Lavin, like many wealthy entrepreneurs, is 100% capitalist, 100% get the job done or shut up. At various points, she gives out about socialism, Joe Higgins and their ilk so 'nationalise' isn't really in her vocabulary.
All this talk of work makes me wonder about whether or not Cullen and Lavin ever stop grafting. The answer? Well, no. Although Lavin insists they have downtime, everything is coloured by working. "We sometimes go to Kerry for the weekend," she insists. "We kind of tend to combine work and time off, intertwine them rather than 'now we're off, now we're on'. We're nearly always working, or working in relation to something, but we enjoy it." Does she envisage a day when she won't be working? Lavin looks at me like I have 10 heads, "No! Definitely not!" she exclaims, "what? No, no, no, no!" Okay, I get it. "We are going to die on the job," she announces to the room and collapses into a fit of morbid laughter. "That said, I don't think I'm a workaholic. It doesn't mean that I don't like downtime, or travelling, but I'm constantly looking at ideas; when we're travelling, or in restaurants, or ideas for the hotel. It's ideas, ideas, ideas," she slaps her thigh, punctuating each word. "We're constantly learning. You're never finished learning, never." You tell 'em.
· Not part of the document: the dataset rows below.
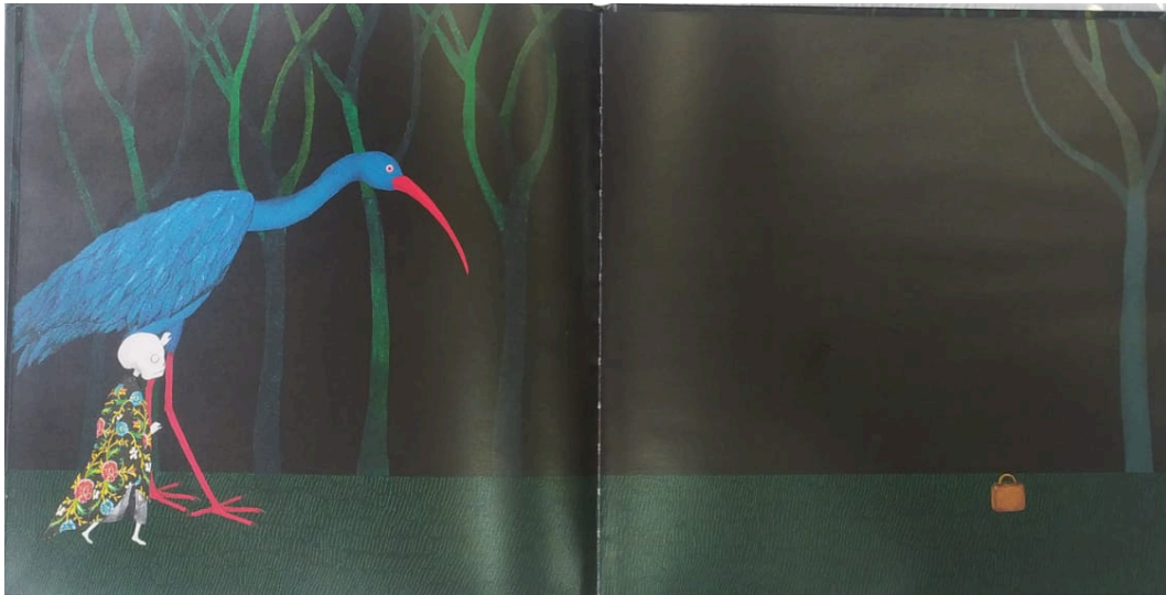
Figura 4 - Cena em que a mala aparece pela primeira vez.
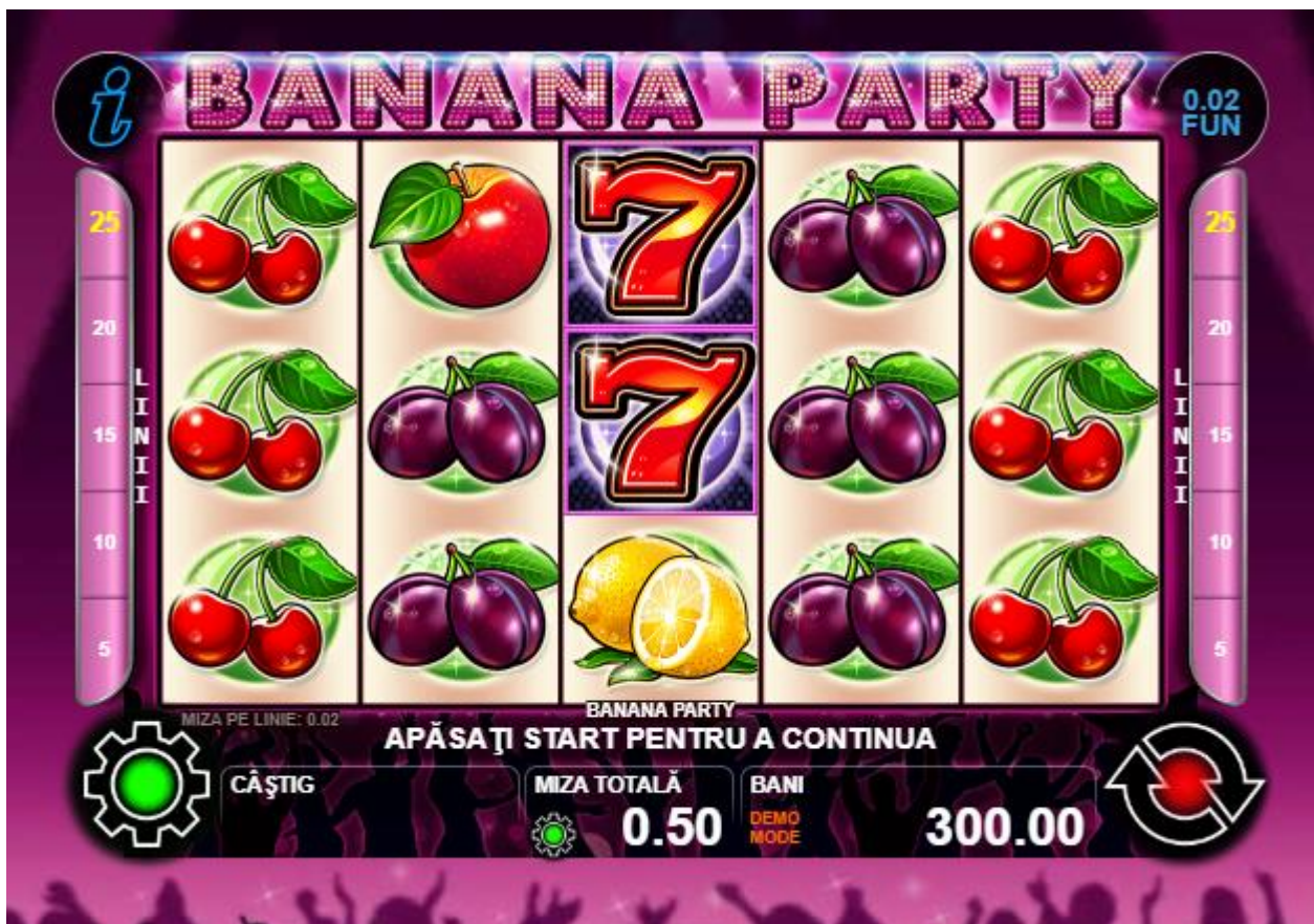
Fig. 1 Ecranul jocului principal

* setat în prealabil în setările jocului
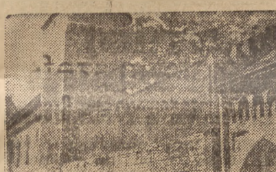
Fragment murów miejskich z basztą Paramoników w Krakowie.

Na Dworcu Głównym w Krakowie otwarta została stacja opieki nad matką i dzieckiem, zorganizowana przez zarząd miejski SOLK.
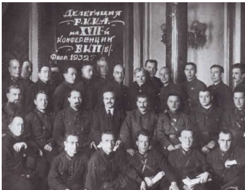
Делегация РККА (в центре — И. В. Сталин, справа от него — К. Е. Ворошилов).
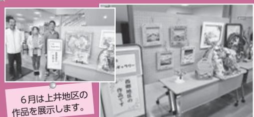
6月は上井地区の作品を展示します。

5月は西郷地区社協より様々な作品が展示されました。かわいいフォトフレーム等をはじめ、手芸品や紙粘土で作られた額など工夫が凝らされた作品でセンターのロビーを華やかに楽しく飾っていただきました。
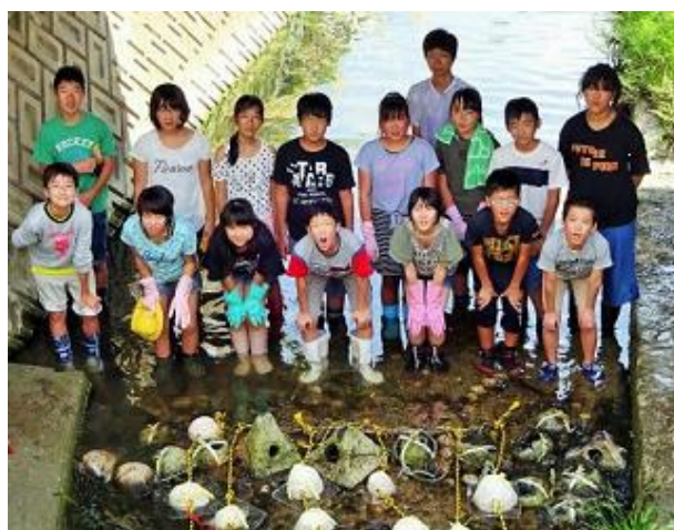
水質パトロール隊の参加者を募集しています (P3)
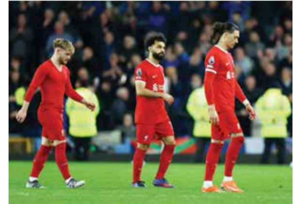
O انتقادات لصالح ونونيس

لقب البريميرليغ، مع خسارته أمام إيفرتون ٢ - ٠ في دربي ميرسيسايد الأربعة.
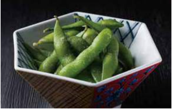
1201 枝豆 300円 (税込330円)
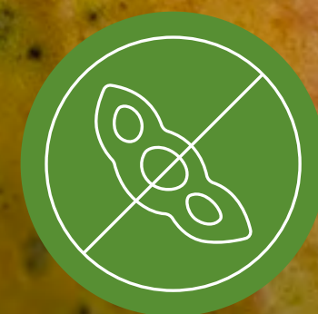
ปราศจากถั่วเหลือง
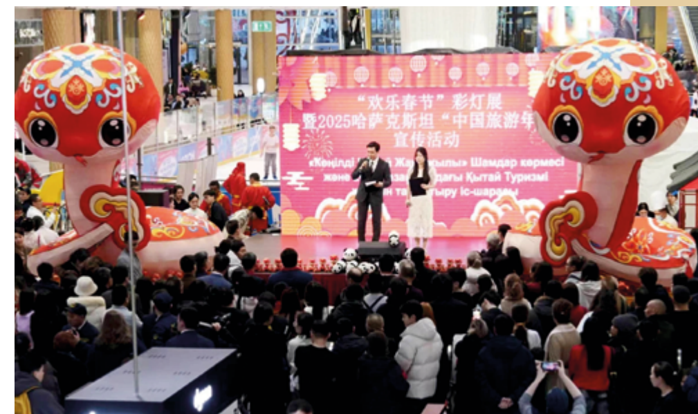
Праздничное мероприятие для посетителей MEGA подарило возможность поближе познакомиться с китайской культурой

Официальный старт Года культурного туризма Китая в

I mention a particular incident in The Apprentice where she nearly throttled a contestant for saying two people were "fighting like women". Is she a feminist? She sidesteps the label, "I just don't like boxing people in. I don't believe in that. You can't tag a load of people and say 'they do that, and they do that'. We're all individuals." That said, men seem to get shorter shrift than women do throughout our chat, "I think men are desperate gossips, more into gossip than women even are," she ventures at one point. And on another occasion: "I always say when the design of something is wrong, be it in a car or whatever – I go immediately 'that was designed by a man'. They have their own skill set, but they don't have the same understanding. Every woman knows that."
Her observations come back to the TV show, "The women to begin with have got the whole team thing going, they are far more cohesive. There is more time for individualism as the thing goes on, but in the beginning, the trick is to get the team to win and stay out of the boardroom. That can only be achieved by working together. The guys are all 'I'm better than you' and macho, and being more individualistic. They don't get that, they're all very 'me, me, me', jostling around," she scoffs.
Lavin is not keen to answer particularly personal questions, and although she's extremely warm and chatty, she can be coy when it comes to her partnership to Bill (she "leaves him at it" when he's with his friends talking about the motor industry. Their favourite place in the world is Kerry. There are advantages and disadvantages to working with someone you're in a relationship with, "you're constantly talking about work.") As we finish up, I ask her if there's any personal belief system she goes by. "Work hard, do your best, and don't take yourself too seriously," she says. "There's nothing I wouldn't do in the morning if things were difficult. I remember when I was in the fashion business, people would be astonished that I'd be cleaning my own windows in the morning. Why wouldn't I? I go down and polish the brass on the front door in the hotel. Why should somebody else do it? I'm responsible for everything, and if something is wrong it's my responsibility."
And with that, Lavin is off, breezing out of the hotel as more heads turn.